And no any new key in sed which would switch it's behaviour from GNU to BSD.

Haven't found OpenBSD's sed in ports, while I've found gsed in ports - textproc/gsed.
Then why replicate gsed behaviour in BSD sed?


----------



## Oko (Oct 15, 2016)

kpect said:


> Then why replicate gsed behaviour in BSD sed?


+1


----------



## wblock@ (Oct 15, 2016)

First guess would be internationalization.


----------



## marino (Oct 15, 2016)

when it doubt, explicitly set collation, e.g. `env LANG=c sed <arguments>`


----------



## jrm@ (Oct 15, 2016)

Oko said:


> Check if there is OpenBSD sed in ports and ise that one.


OpenBSD and FreeBSD 11.0 give the same output with the leading tabs.


----------



## tobik@ (Oct 15, 2016)

Oko said:


> Check if they did't replace sed with gsed. Check if there is OpenBSD sed in ports and ise that one.


How will this help? OpenBSD 6.0's sed behaves the same way.


----------



## Oko (Oct 15, 2016)

tobik said:


> How will this help? OpenBSD 6.0's sed behaves the same way.

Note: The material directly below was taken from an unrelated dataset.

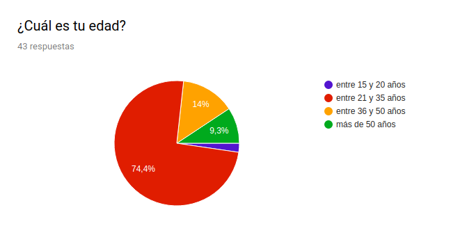 Se registró un total de 43 usuarios durante la encuesta realizada, donde percibimos que:

In the past a few userland tools in FreeBSD got replaced with GNU versions then they were revert back to BSD versions. I was sleepy when I answered the original post but not so sleepy not to know that OpenBSD version of sed is true BSD version (I even know the guy who maintaining it). Thus I posted quick answer. I will make sure I keep my tongue in check


----------



## scottro (Oct 16, 2016)

Actually, your fingers, if we're going to be literal.    <ducks and runs away>


----------



## kpa (Oct 16, 2016)

Your example is a little bit complicated there was another thread of a similar sort recently:

Thread 57539

In a nutshell, the new behaviour of sed(1) is not to output a newline when the input hasn't any. Is your example related to this change as well?


----------



## kpect (Oct 16, 2016)

No, it doesn't relate to Thread 57539

There's nothing complicated actually, I just wanted to highlight that classic BSD behaviour for a/c/i operands has been changed silently in 11.0 and it's very uncomfortable for some people.


----------